Ethics Approval and Consent to Participate

All research studies on humans (individuals, samples or data) must have been performed in accordance with the principles stated in the Declaration of Helsinki. The study complies with the national exemptions for requesting informed consent and meets the four conditions of “it is impractical or impossible to obtain informed consent”, “the study is not greater than minimal risk”, “the subject’s privacy can be well protected” and “the subject’s rights will not be infringed”. Also for informed consent waivers, use of previously obtained samples/information, use of residual samples from clinical tests, and retrospective analysis using case information.
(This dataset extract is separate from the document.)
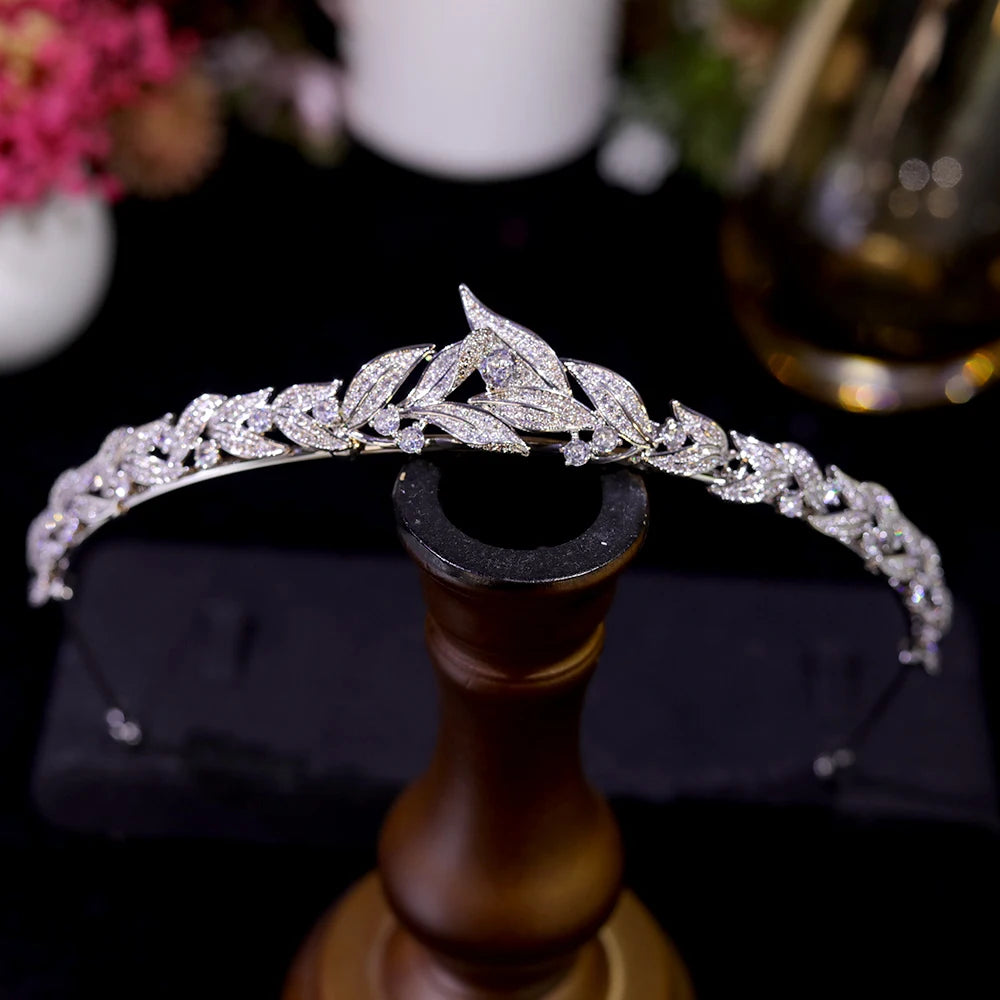 Elegant Cubic Zirconia Leaf Tiara Crown for Women Luxurious Bridal Hair Accessories Jewelry for Wedding Party

All isolates in this study were collected during the bacteriological analysis in the clinical microbiology laboratory of a public hospital, and patients were treated anonymously and therefore did not require ethical approval.

Author Contributions

All authors made a significant contribution to the work reported, whether that is in the conception, study design, execution, acquisition of data, analysis and interpretation, or in all these areas; took part in drafting, revising or critically reviewing the article; gave final approval of the version to be published; have agreed on the journal to which the article has been submitted; and agree to be accountable for all aspects of the work.

Funding

This research was supported by the National Key Research and Development Program of China (2021YFC2300300), the Strategic Priority Research Program of the Chinese Academy of Sciences (XDB29020000), grants from the National Natural Science Foundation of China (32070132), and the Fundamental Research Funds for the Central Universities (YD9100002013).

Disclosure

The authors have no conflicts of interest to declare in this work.